My 401k is all we have for retirement. Thats why i am so worried about it losing a third or half its value when this housing bubble bursts with the recession. Losing 40k would be devastating to me. I would probably shed a tear in private honestly....even though money and material things have never really been very important to me. Losing the ability to help my kids or wife if disaster strikes would just kill me. I fear that. Not being able to protect and provide for them...

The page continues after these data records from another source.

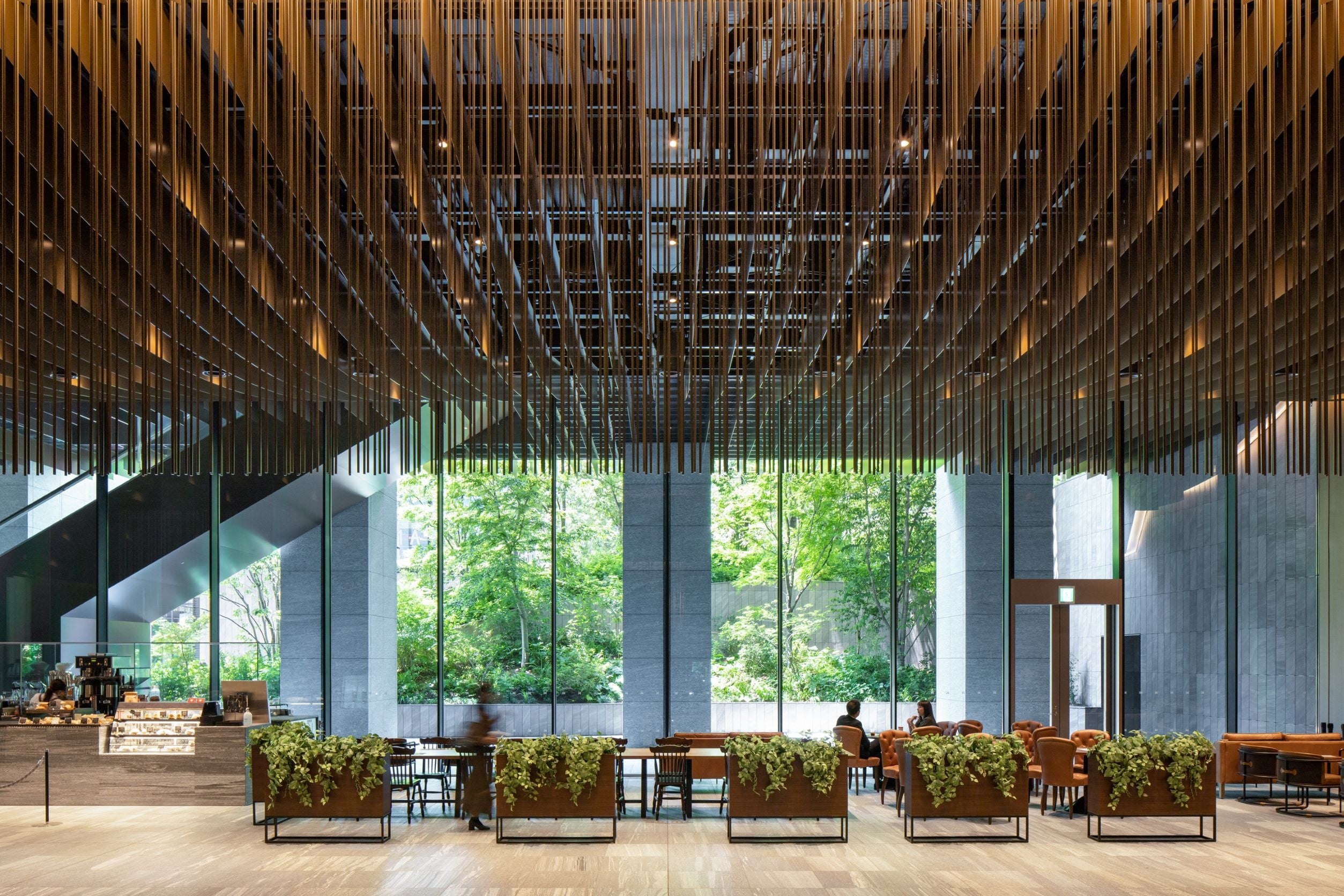 オフィスエントランスからは登り庭を望むことができる。3Dモデルを用いた日照シミュレーションや見え方のスタディを丁寧に行うことで、緑の気持ちよさを享受でき落ち着きのある滞留空間を創出。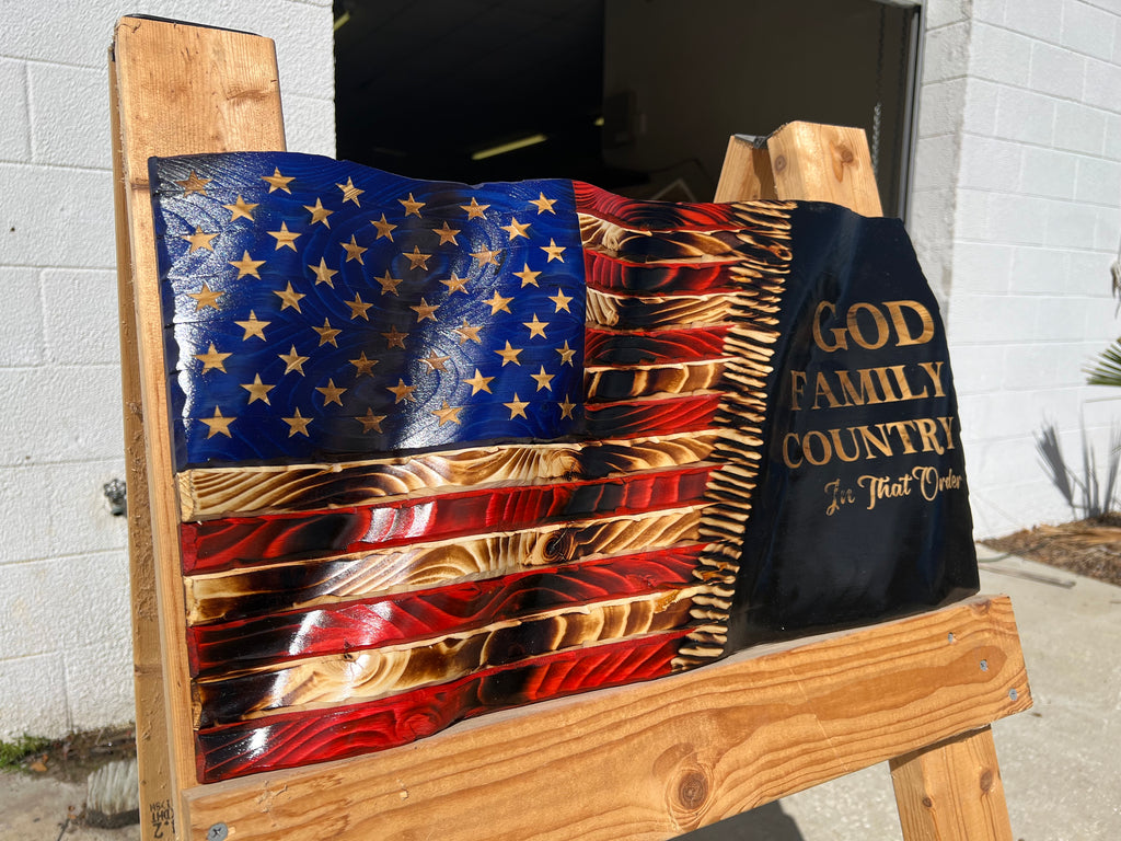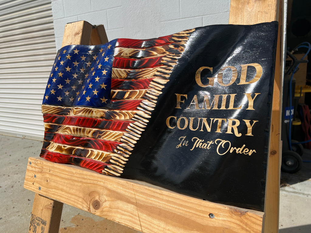 Each flag is hand-carved and features clean lines and sharp detail. The phrase “God Family Country” is engraved on the right side, creating a meaningful and eye-catching display piece.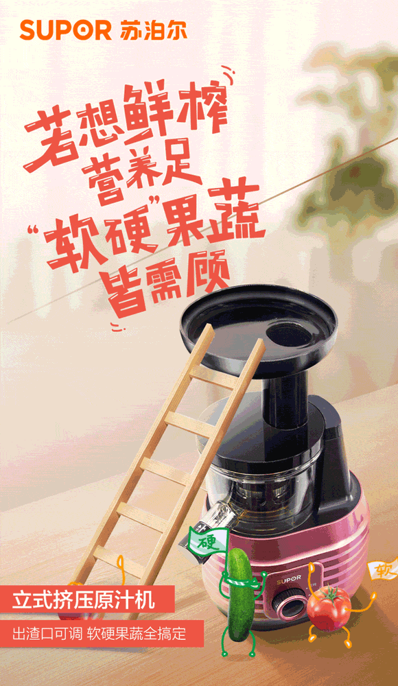 多吃果蔬對身體有益。也許購買一臺榨汁機,DIY美味又營養(yǎng)的果蔬汁是最好的選擇。蘇泊爾用一套萌萌的水果人GIF,消除人們對果蔬機在營養(yǎng)保留、口感以及材料的安全性上的擔(dān)憂,遇見最好的自己,從鮮活果蔬汁開始。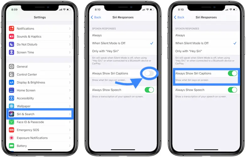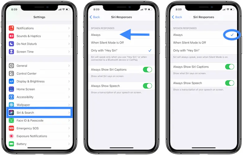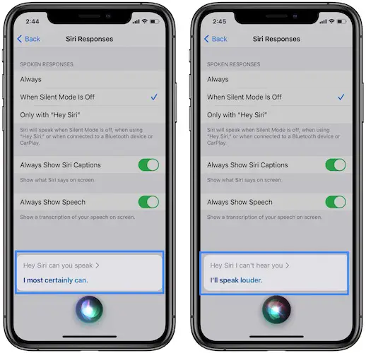Tip: You can set Siri to always speak out, even when the Silent switch is turned On. To achieve this, browse for Settings -> Siri & Search -> Siri Responses. Select Always from the Spoken Responses category.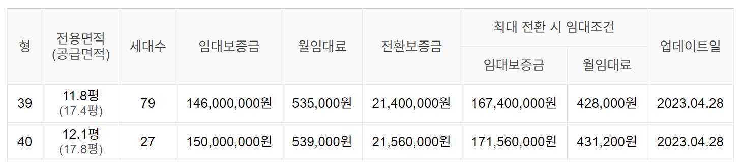 임대보증금 및 월 임대료는 입주자 모집공고일 기준이며, 보증금 최대 전환 시 변동될 수 있습니다.

Anyway thanks a bunch for your advice and God bless you and yours. Really appreciate your insight on these matters .

Go Vols
You've got a long way to go before you'll need your retirement money. I agree with TGO, it's best to not move money around in your 401k in anticipation of the market tanking. I was in my early 50's in 2008 when the market tanked and didn't touch a dime of my 401k money and while it was painful watching hundreds of thousands evaporate I stuck with it and also kept my contributions maxed out. Within 5 years or so I had nearly doubled my pre market crash dollar value. Look at it as a sale when the market goes down because you get more for the same money and when it does go back up you'll recover that much more quickly. Good luck with whatever you decide.
 
Thanks guys. Appreciate the help. We all know this train is going in the ditch eventually....i can go all year and not worry too much but when i get my statements it worries the crap out of me honestly...with my family's medical history, i should have about 20 years left on this big chuck of rock and metal...barring an accident , cancer arriving early or Christ returning...thats really best case scenario . I want to leave at least a small chunk to help my wife and kids attain a measure of financial security. They deserve my best.
 
Thanks guys. Appreciate the help. We all know this train is going in the ditch eventually....i can go all year and not worry too much but when i get my statements it worries the crap out of me honestly...with my family's medical history, i should have about 20 years left on this big chuck of rock and metal...barring an accident , cancer arriving early or Christ returning...thats really best case scenario . I want to leave at least a small chunk to help my wife and kids attain a measure of financial security. They deserve my best.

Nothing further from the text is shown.